Arno sat down on the ridge. He rambled on:
“The storm of lead howling, the steel tempest raging. Fire is the main means of combat. To live forever and let your heart throb to the rhythm of the heartbeat of the universe – that’s the goal.”
The woodpecker ceased its hacking. Arno added:
“Thus it is.”
After he said this, Arno sat in silence, until the woodpecker started up again, hammering away at his tree. Arno said:
“Distribution, deployment, grouping, contact backwards. Fog giving concealment, ditches giving cover. Fire ranges, fire and movement, cover and concealment, morale and discipline: it’s the way of the future.

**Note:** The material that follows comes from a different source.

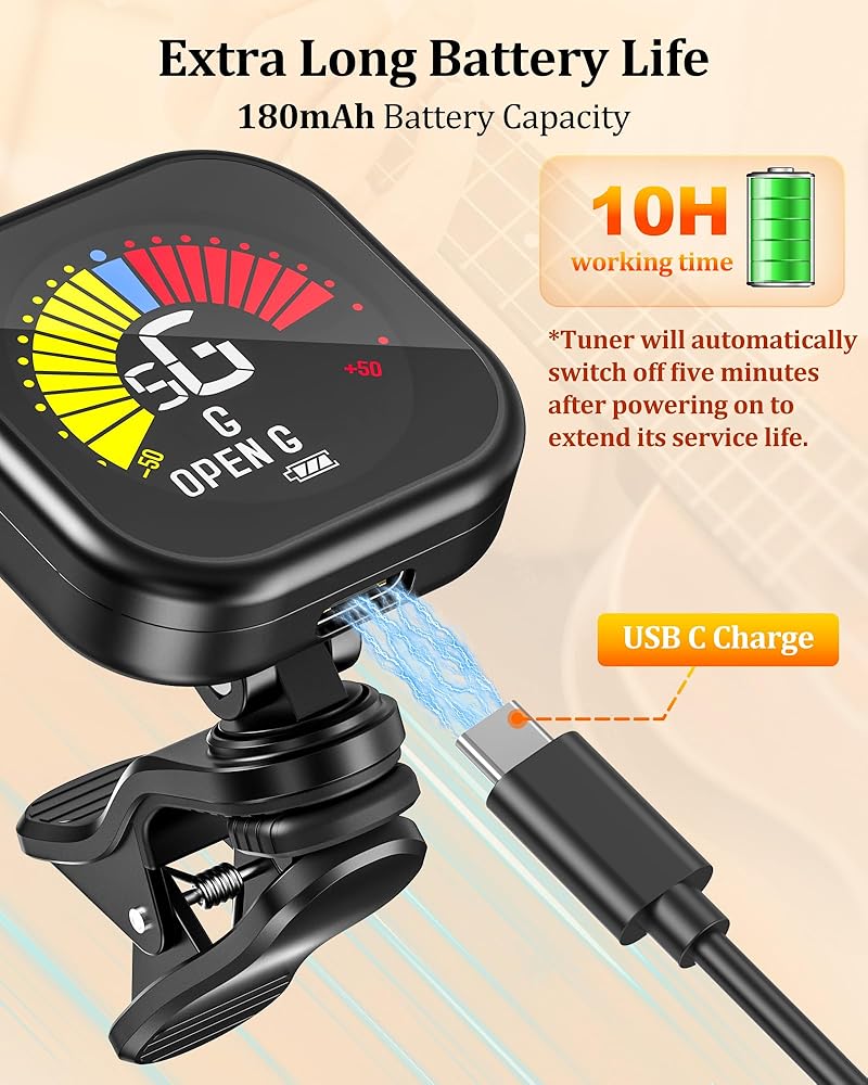 【Rechargeable & Long-Lasting】Built-in battery offers up to 10 hours of tuning. USB-C charging for easy power-ups.

“Trooping the colours, sabres out, Stichelbein marschieren, straight lines dressed to the right, shoulder arms and the sun flashing on the bayonets.”
Once again the bird finished his staccato hammering. Arno squinted against the sun and said:
“The sun warms and the bees are buzzing. The harvest is rich and the stomach purrs. I have everything, having achieved everything. I live on a higher level of consciousness in an eternal present, an endless here-and-now – hallelujah – forever – in black and white, good and bad – going to hell and back, to the fire zone and buffer zone, to the plains and the blood forest – back home and on to the machine coast, to the culmination point – and beyond.”
All was peaceful. Nothing was heard over the wide moors. Arno said:
“Tiger heart, gunpowder heart. Steel storm, leaden tempest. It’s the battle as a state of mind, without beginning, without end – the way off, the way back, the way out. Living on a higher level, a sort of shell shock, but at a higher level, a conscious level. Living on the edge to raise yourself mentally.